Transcribe the data exactly, pictures excluded.

## Data:
========================================================================
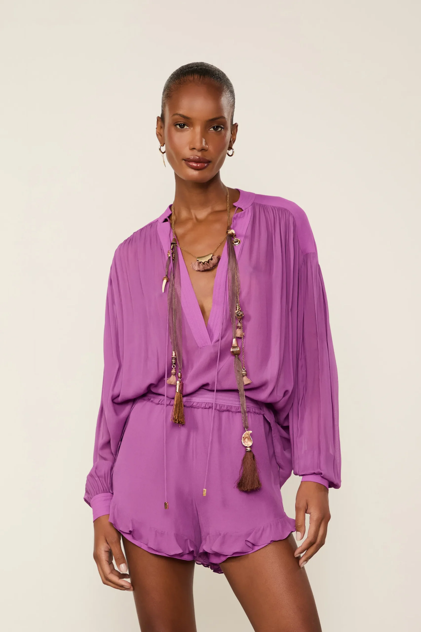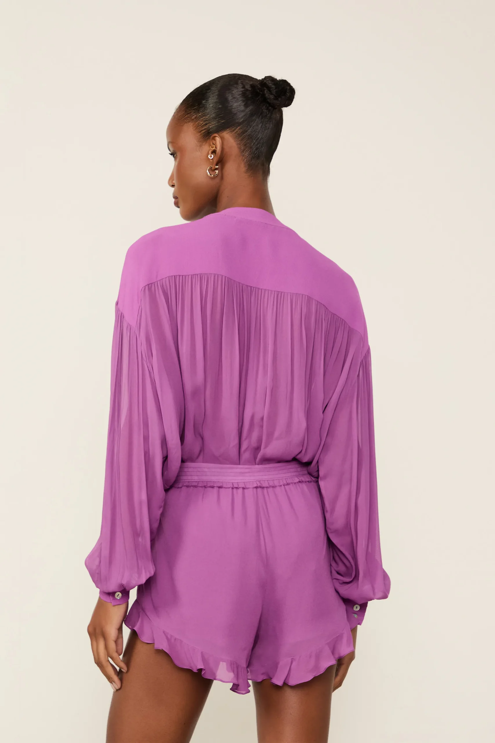 Short De Georgette Asa Delta Roxo Babados – Animale
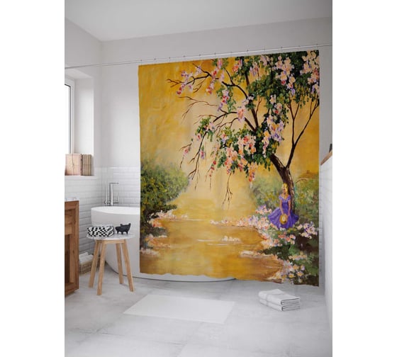 Штора (занавеска) для ванной JoyArty "Рисунок художника" из сатена, 180х200 см с крючками, sc_30201
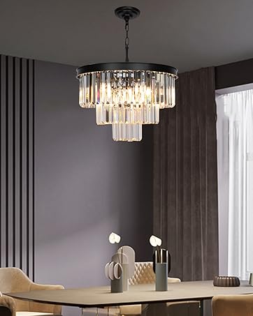 - 3-Tier Modern black Crystal Chandeliers Contemporary Ceiling Lights Fixtures
========================================================================
## Answer box:
 Short De Georgette Asa Delta Roxo Babados – Animale
 Штора (занавеска) для ванной JoyArty "Рисунок художника" из сатена, 180х200 см с крючками, sc_30201
 - 3-Tier Modern black Crystal Chandeliers Contemporary Ceiling Lights Fixtures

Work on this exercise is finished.